The heterogeneous system of cellulose reaction suffers from irreversible adsorption of the enzyme molecules to solid substrate, which is recognized as one of the mechanisms responsible for the enzyme deactivation and decreasing accessible surface area of the substrate. Ionic liquids (ILs) decrease the crystallinity of cellulose, whereas IL treatment usually decrease the enzymatic activity of cellulose. Here, the effect of liposome membranes on cellulase from Trichoderma viride was studied in the presence or absence of ILs. The liposomal cellulase and free enzyme were examined in their hydrolytic activities to insoluble cellulose powder CC31 in the acetate buffer solution (pH 4.8) of 15 w/w% [Bmim][Cl] (1-butyl-3-methylimidazolium chloride). The mean diameter and size distribution of cellulase-containing liposome were practically unchanged under the above condition. In the saccharification reaction of insoluble cellulose, the localization of cellulase and liposome was found to be important, because the cellulase dispersed in liposome suspensions resulted higher activity than that conjugated into liposomes. The activities of liposomal and free cellulase to cellobiose as soluble substrate were less susceptible to [Bmim][Cl] than their cellulolytic activities to CC31, meaning that β-glucosidase is relatively stable among the three enzyme components of cellulase.

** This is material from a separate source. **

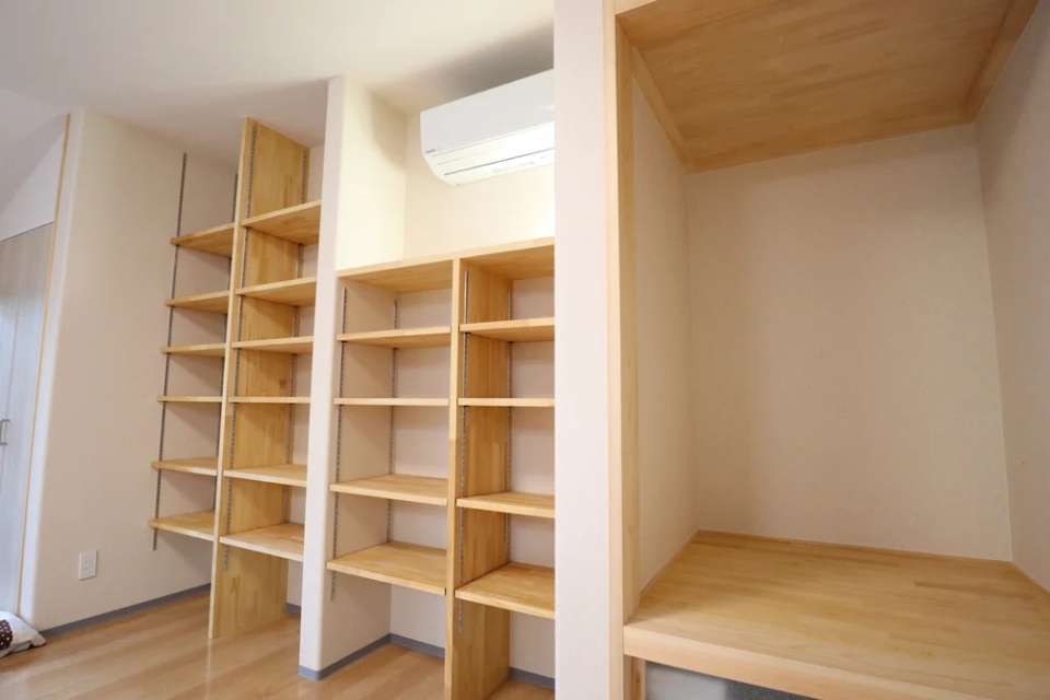 - 大容量のファミリークローゼット。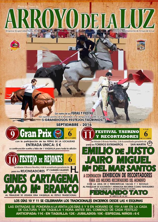 Arroyo de la Luz acoge varios eventos taurinos con motivo de las fiestas de la localidad. El primero será el día 9 con un Gran ... Prix en el que participarán las peñas de la localidad y comenzará a las 18.00 horas de la tarde, cuya entrada tendrá un precio de 5 euros. Y a continuación, se soltará y lidiará una vaquilla para toda la afición.

The rate of glucose production could be appreciably improved by the pretreatment of CC31 with [Bmim][Cl] alone at 120°C for 30 min followed by the liposomal cellulase-catalyzed hydrolysis of the substrate at 45°C at the [Bmim][Cl] concentration of 15 w/w% [1]. In addition, the coexistence of liposomes prevented deactivations of enzymes in the presence of [Bmim][Cl].

[1] K. Tanimura et al., Hydrolysis of insoluble cellulose to glucose catalyzed by cellulase-containing liposomes in an aqueous solution of 1-butyl-3-methylimidazolium chloride. Biotechnol. Prog. 2013, 29, 1190–1196.